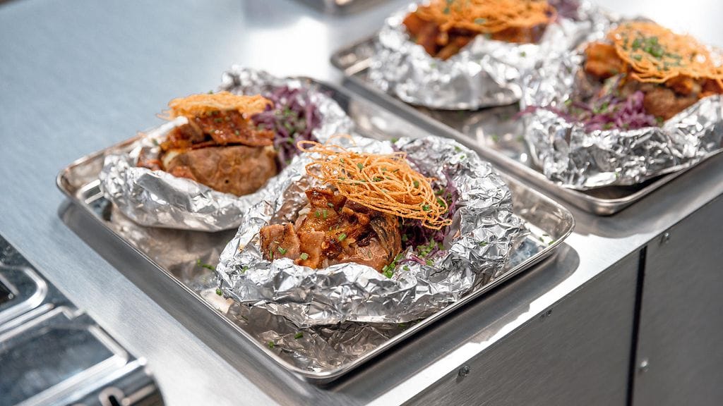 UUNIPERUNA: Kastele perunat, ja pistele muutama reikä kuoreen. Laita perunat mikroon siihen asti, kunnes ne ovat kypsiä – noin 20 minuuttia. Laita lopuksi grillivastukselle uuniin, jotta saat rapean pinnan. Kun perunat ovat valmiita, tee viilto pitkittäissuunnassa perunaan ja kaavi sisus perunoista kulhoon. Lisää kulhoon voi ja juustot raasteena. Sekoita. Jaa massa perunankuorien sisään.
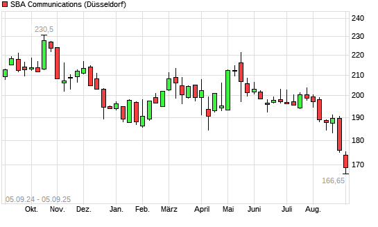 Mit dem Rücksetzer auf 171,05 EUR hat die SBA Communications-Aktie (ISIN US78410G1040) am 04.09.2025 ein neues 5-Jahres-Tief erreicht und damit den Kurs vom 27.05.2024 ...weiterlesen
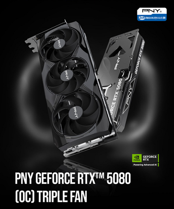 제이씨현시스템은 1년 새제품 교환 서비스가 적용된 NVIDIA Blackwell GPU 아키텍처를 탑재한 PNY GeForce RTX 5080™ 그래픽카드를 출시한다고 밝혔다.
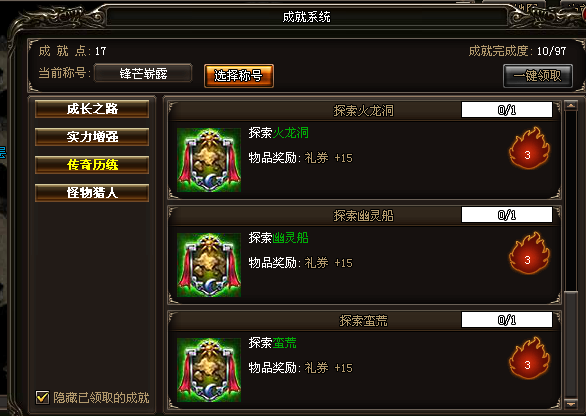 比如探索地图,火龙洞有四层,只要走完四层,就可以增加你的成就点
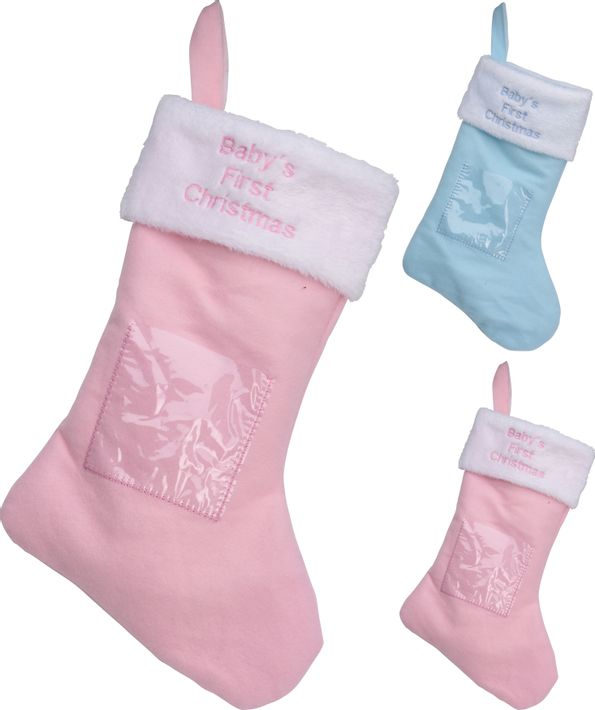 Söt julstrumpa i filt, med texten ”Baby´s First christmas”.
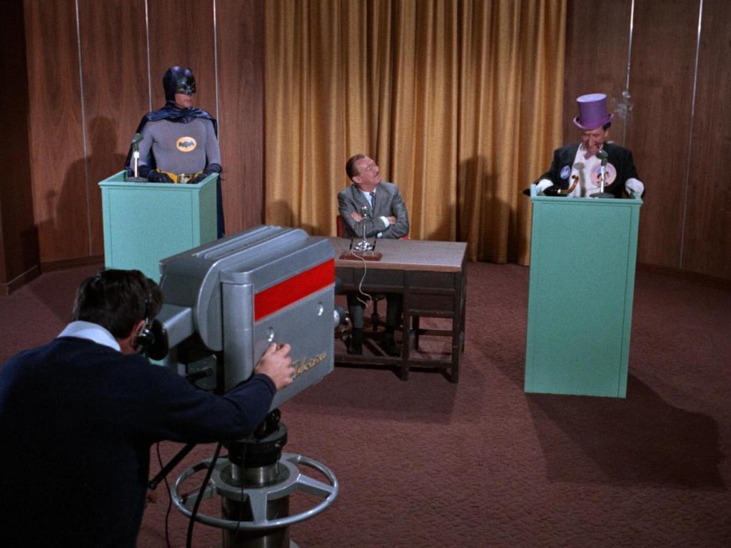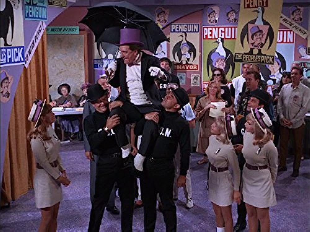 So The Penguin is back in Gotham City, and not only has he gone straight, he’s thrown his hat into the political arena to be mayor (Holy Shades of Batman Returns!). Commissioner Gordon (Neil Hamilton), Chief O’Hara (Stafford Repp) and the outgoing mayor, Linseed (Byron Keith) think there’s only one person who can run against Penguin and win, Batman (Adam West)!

## Prompt
Leave out every picture and write out exactly the lines running from the line containing "Söt julstrumpa i" to the end of the listing above.

## Output
 Söt julstrumpa i filt, med texten ”Baby´s First christmas”.
 So The Penguin is back in Gotham City, and not only has he gone straight, he’s thrown his hat into the political arena to be mayor (Holy Shades of Batman Returns!). Commissioner Gordon (Neil Hamilton), Chief O’Hara (Stafford Repp) and the outgoing mayor, Linseed (Byron Keith) think there’s only one person who can run against Penguin and win, Batman (Adam West)!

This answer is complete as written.